After the images were taken, I headed back to my locker room, got dressed again, and put my gown in the bin for used gowns. I will now be waiting for about four business days for my image results to come back. Once I get the results back, I’ll be able to schedule my MRI which, unfortunately, I’ll have to schedule during business hours.

Birth Control · BRCA · Genetic Counseling · Mammogram · MRI · Preventative · Sleep · Sleep Aids · Tamoxifin

Fast Forward To Today

A few weeks ago, I returned to my oncologist for a check-up.
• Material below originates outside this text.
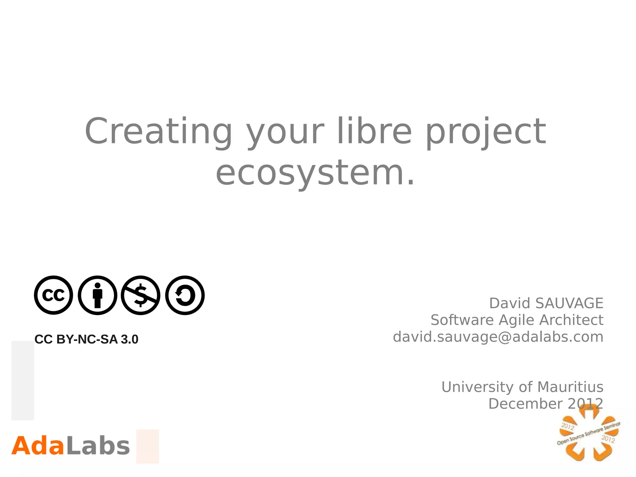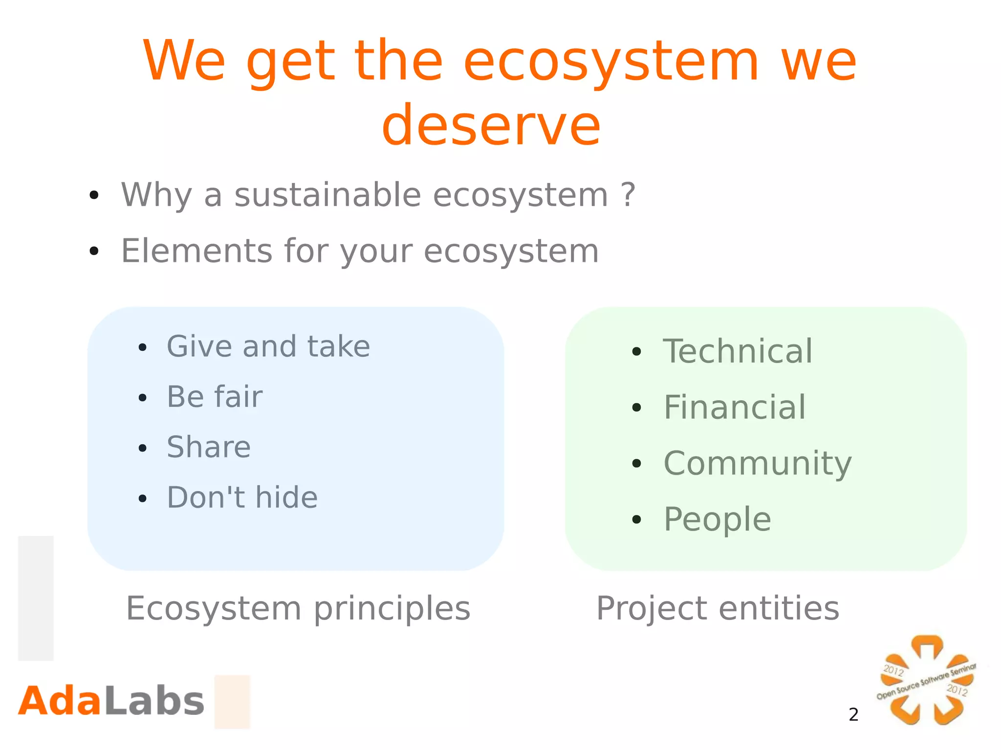 The document discusses principles for creating a sustainable open source software ecosystem. It outlines several key elements that are important for an ecosystem to thrive, including giving back to and sharing with the community through contributions, feedback, and issue reporting. It also emphasizes the importance of being fair and transparent to different types of users and contributors through accessible pricing and open access to source code and issue tracking systems. The overall message is that selfish or unfair practices will not support a long-term, profitable open ecosystem.

I had not been to see her for about a year and a half. Prior to this break, I had gone in for my first mammogram in order to establish a baseline after I had completed breastfeeding my daughter. Although my husband and I are now firmly in the camp that we will only have one child, at the time there was some chance we might have a second child and there are some changes that can take place in the breast as a result of breastfeeding. Because of this, my doctor thought we should go ahead and do a baseline if I was prepared to do so.

My first appointment after this break was in January 2020. During this appointment, my oncologist re-ran my IBIS risk evaluation, v8 stats. You can find out more information about this evaluation tool here. According to my test results, my person risk of breast cancer after five year is 3.1%, while the general population has a risk of .3%. My lifetime risk is 41.2%, while the general population has a risk of 13.2%. Because my personal risk level is of a certain level higher than the general population, I continue to be a candidate for preventative measures, to include taking Tamoxifin.

While I previously was not interested in taking Tamoxifin, seeing the new stats and being in a different phase of my life has changed my view. While I previously was told I would need to take the drug for ten years, more recent research has led to the timeline for preventative use being only five years.

However, there are a number of steps I’ll be taking before starting to any medication. First, after discussions with my oncologist, I will be getting both a mammogram and an MRI. In addition, I have decided to meet with a gyno to switch the IUD that I have in. After my daughter’s birth, I decided to adopt Mirena as my birth control mechanism. However, earlier it was believed that taking Mirena while on Tamoxifen would reduce the effectiveness of Tamoxifen. Although some of the more recent studies show that it might not be quite as big of a concern as it originally was, I would prefer to switch to an IUD that has none of those concerns, which may be a bit irrational but sometimes that’s how these decisions are made. In addition, I also need to stop taking Benedryl as a sleep aid, as you can’t take Benedryl and Tamoxifen at the same time. I started taking Benedryl as a sleep aid when I was pregnant (although not while breast-feeding), since melatonin isn’t an option while pregnant. I’ve stuck with Benedryl because it’s a regulated medicine (melatonin isn’t, unless you get it through prescription, which I don’t) and I also just sleep better on it. It’ll probably take me a bit of time to find a replacement for the Benedryl.

Lastly, I am going to meet with the genetic counselor again and finally get tested for the BRCA genetic mutation. I have two reasons for doing this. First, I have a daughter and I want her to have all the information possible to make her own decisions. Second, according to my doctor, as the medical research gets further along, the findings from the BRCA genetic mutation testing begin to provide you with more detailed health information. I don’t have more specifics on that, but I’m guessing I’ll find out more when I prepare to get the testing done.

I am a bit worried about some of the side effects of Tamoxifin, which include things like hot flashes, nausea and possible weight gain. However, many of the stories I hear about the side effects are coming from women who are taking Tamoxifin after being treated for breast cancer, so I’m not entirely sure how women taking it for entirely preventative purpose fare. Thus… my blog! Fingers crossed!